Try it:
Repeat the data exactly. Pictures stay out.

Collected material:
+ + + + + + +
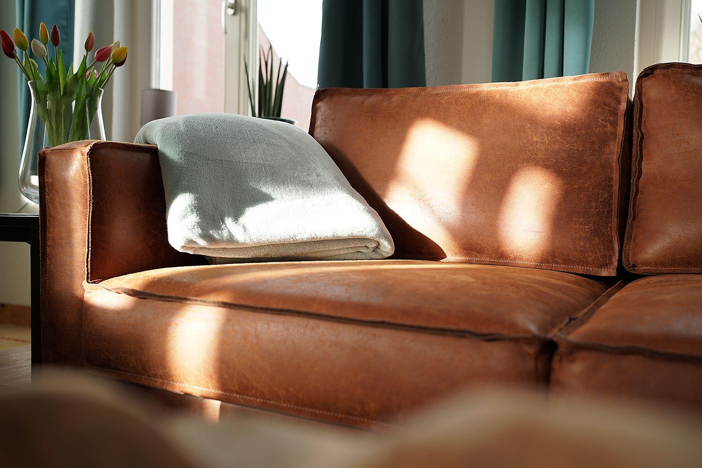 Zum Hof hin bietet die Wohnküche mit Balkon tolle Möglichkeiten für gemeinsames Kochen oder das Frühstück in der Morgensonne. Im Dachgeschoß liegen die zwei großzügigen Schlafzimmer mit jeweils einem Doppelbett und einem tollen Blick über die Emder Innenstadt. Zwischen den Zimmern ist das Wannenbad des Hauses angeordnet.
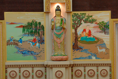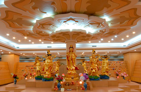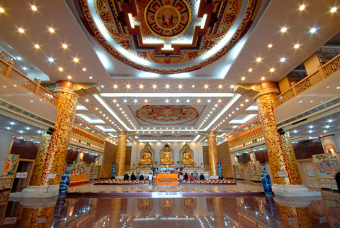 一千二百平方米的佛事大殿金光燦然,層高達(dá)十米,其博大、莊嚴(yán)與恢宏,實為罕見
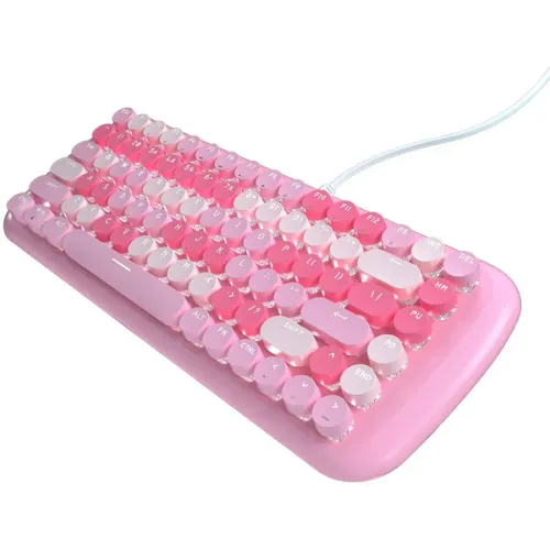 The MOFII Candy M Wired Mechanical Gaming Keyboard combines retro aesthetics with modern mechanical precision. Featuring a compact 84-key layout, this keyboard saves desk space without compromising usability, offering 11 multimedia shortcut keys via the Fn function for quick access to essential commands. Its mechanical switches, available in tactile blue variants, are rated for up to 50 million keystrokes, ensuring long-lasting durability and responsiveness ideal for intense gaming sessions or fast-paced typing. The double-injection keycaps resist fading and wear, while the single-color LED backlighting enhances visibility and ambiance in low-light environments. With 26-key anti-ghosting, users can execute complex key combinations without input errors, a critical feature for competitive gaming. The MOFII Candy M keyboard connects via a 1.8-meter PVC USB cable with a ring filter for stable, interference-free performance. The MOFII Candy M Wired Keyboard adds a splash of personality to any setup. Compatible with Windows systems, it’s a plug-and-play device that requires no additional software, making setup effortless. Whether you're a gamer, designer, or typist, the MOFII Candy M Mechanical Keyboard delivers a perfect blend of style, speed, and reliability.
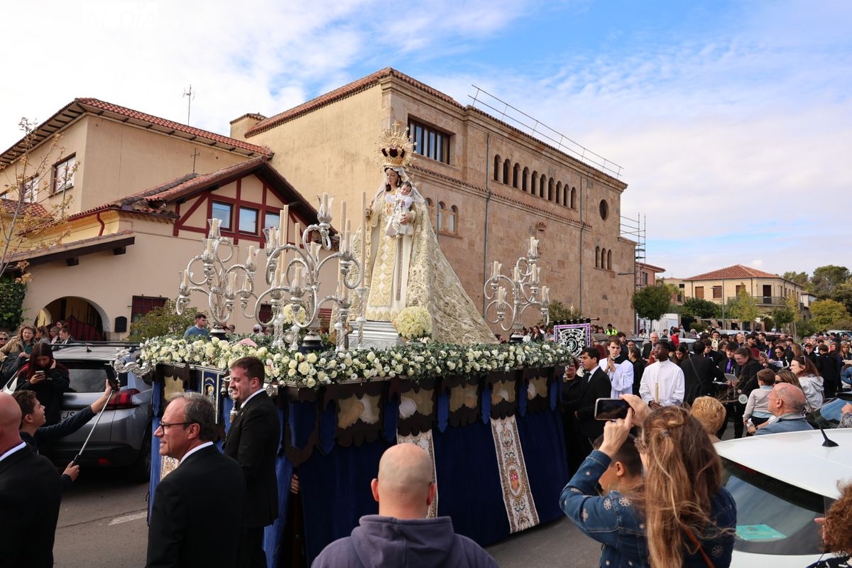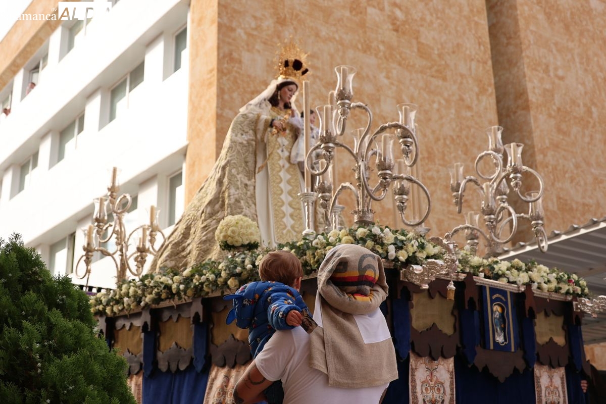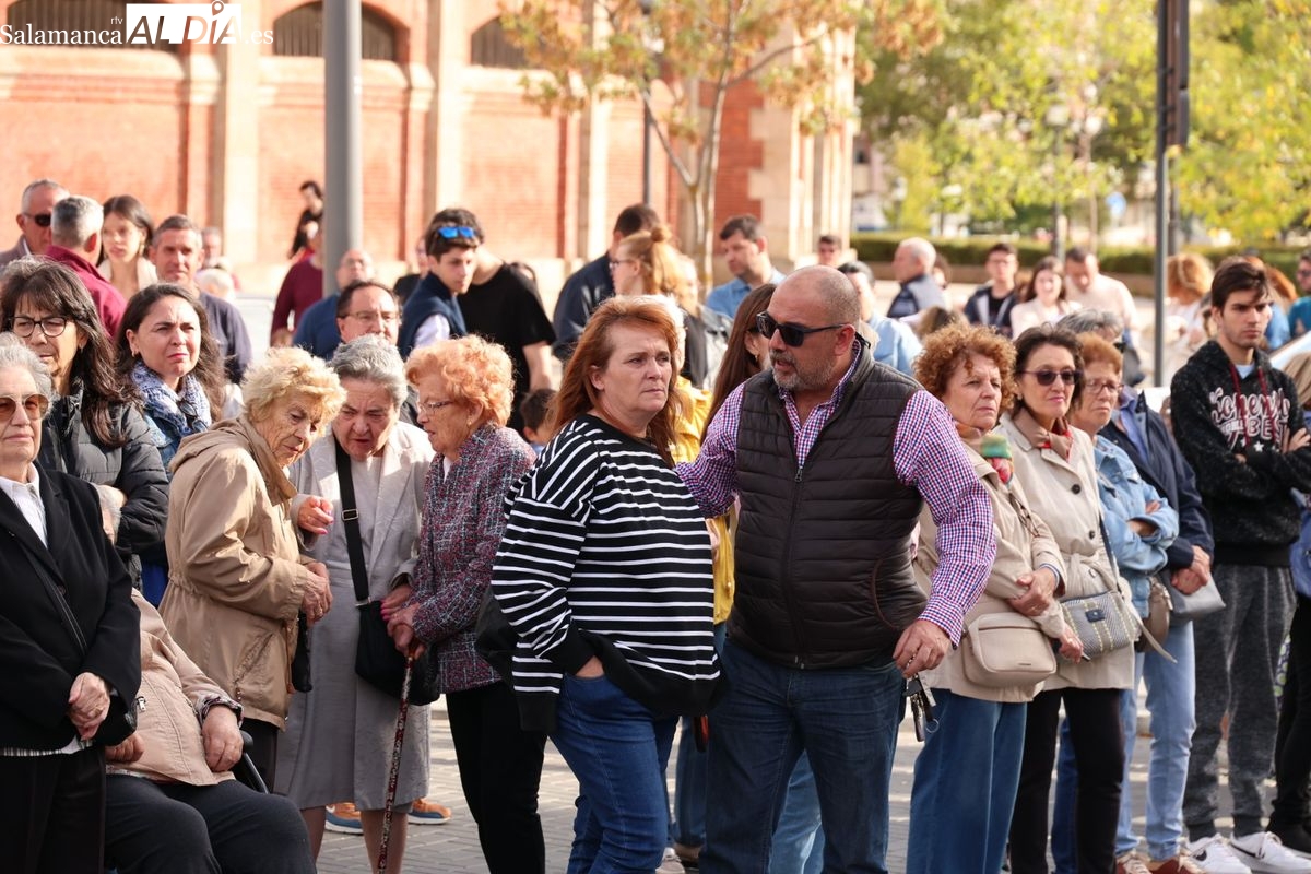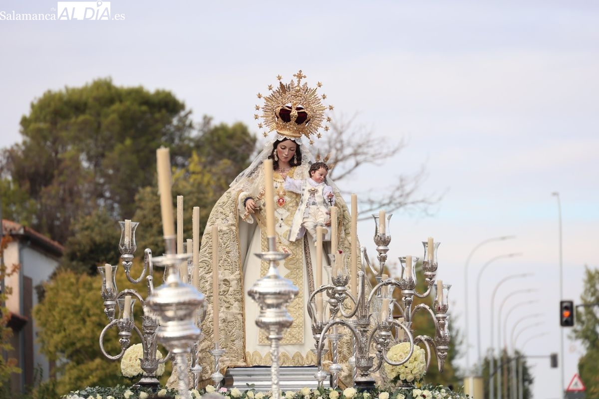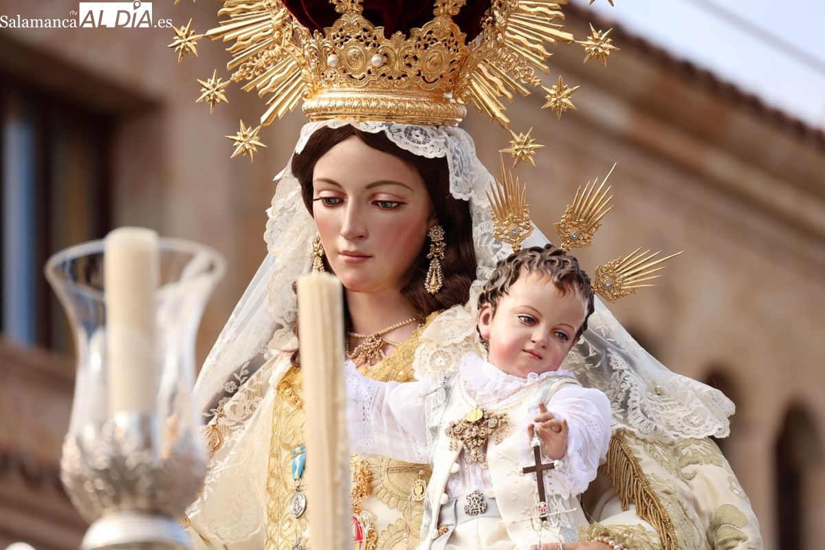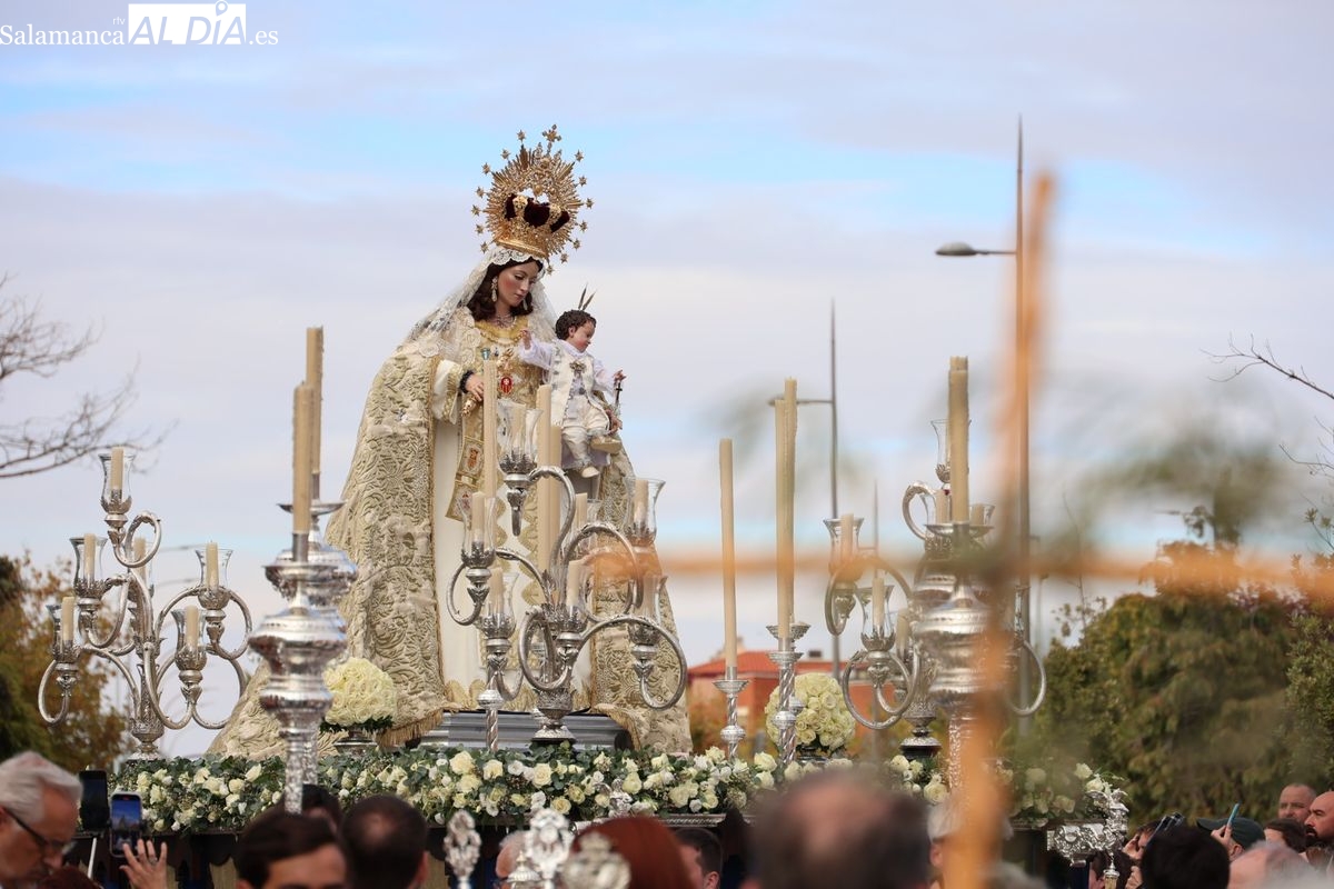 El recorrido ha llevado a la patrona de Salesas y Labradores por la avenida de la Merced, la glorieta de Santiago Martín ‘El Viti’ y el paseo del Doctor Torres Villarroel, para realizar una primera parada con un emotivo acto en la puerta principal del Acuartelamiento General Arroquia. La procesión ha continuado hacia la parroquia de María Mediadora, donde se ha rezado una oración en su entrada, para seguir por las calles Van Dyck, Salesas, Pizarro, Fernando de Rojas, Alonso de Ojeda, Arroyo de la Lastra, Norte, de nuevo Fernando de Rojas, Alfonso VI y la avenida de San Agustín hasta alcanzar la plaza de Toros de La Glorieta. Desde este punto, el cortejo ha emprendido el camino de regreso por la avenida de la Merced hasta su punto de partida en la residencia de Mayores Madre de la Veracruz.
+ + + + + + +
Exercise solution:
 Zum Hof hin bietet die Wohnküche mit Balkon tolle Möglichkeiten für gemeinsames Kochen oder das Frühstück in der Morgensonne. Im Dachgeschoß liegen die zwei großzügigen Schlafzimmer mit jeweils einem Doppelbett und einem tollen Blick über die Emder Innenstadt. Zwischen den Zimmern ist das Wannenbad des Hauses angeordnet.
 一千二百平方米的佛事大殿金光燦然,層高達(dá)十米,其博大、莊嚴(yán)與恢宏,實為罕見
 The MOFII Candy M Wired Mechanical Gaming Keyboard combines retro aesthetics with modern mechanical precision. Featuring a compact 84-key layout, this keyboard saves desk space without compromising usability, offering 11 multimedia shortcut keys via the Fn function for quick access to essential commands. Its mechanical switches, available in tactile blue variants, are rated for up to 50 million keystrokes, ensuring long-lasting durability and responsiveness ideal for intense gaming sessions or fast-paced typing. The double-injection keycaps resist fading and wear, while the single-color LED backlighting enhances visibility and ambiance in low-light environments. With 26-key anti-ghosting, users can execute complex key combinations without input errors, a critical feature for competitive gaming. The MOFII Candy M keyboard connects via a 1.8-meter PVC USB cable with a ring filter for stable, interference-free performance. The MOFII Candy M Wired Keyboard adds a splash of personality to any setup. Compatible with Windows systems, it’s a plug-and-play device that requires no additional software, making setup effortless. Whether you're a gamer, designer, or typist, the MOFII Candy M Mechanical Keyboard delivers a perfect blend of style, speed, and reliability.
 El recorrido ha llevado a la patrona de Salesas y Labradores por la avenida de la Merced, la glorieta de Santiago Martín ‘El Viti’ y el paseo del Doctor Torres Villarroel, para realizar una primera parada con un emotivo acto en la puerta principal del Acuartelamiento General Arroquia. La procesión ha continuado hacia la parroquia de María Mediadora, donde se ha rezado una oración en su entrada, para seguir por las calles Van Dyck, Salesas, Pizarro, Fernando de Rojas, Alonso de Ojeda, Arroyo de la Lastra, Norte, de nuevo Fernando de Rojas, Alfonso VI y la avenida de San Agustín hasta alcanzar la plaza de Toros de La Glorieta. Desde este punto, el cortejo ha emprendido el camino de regreso por la avenida de la Merced hasta su punto de partida en la residencia de Mayores Madre de la Veracruz.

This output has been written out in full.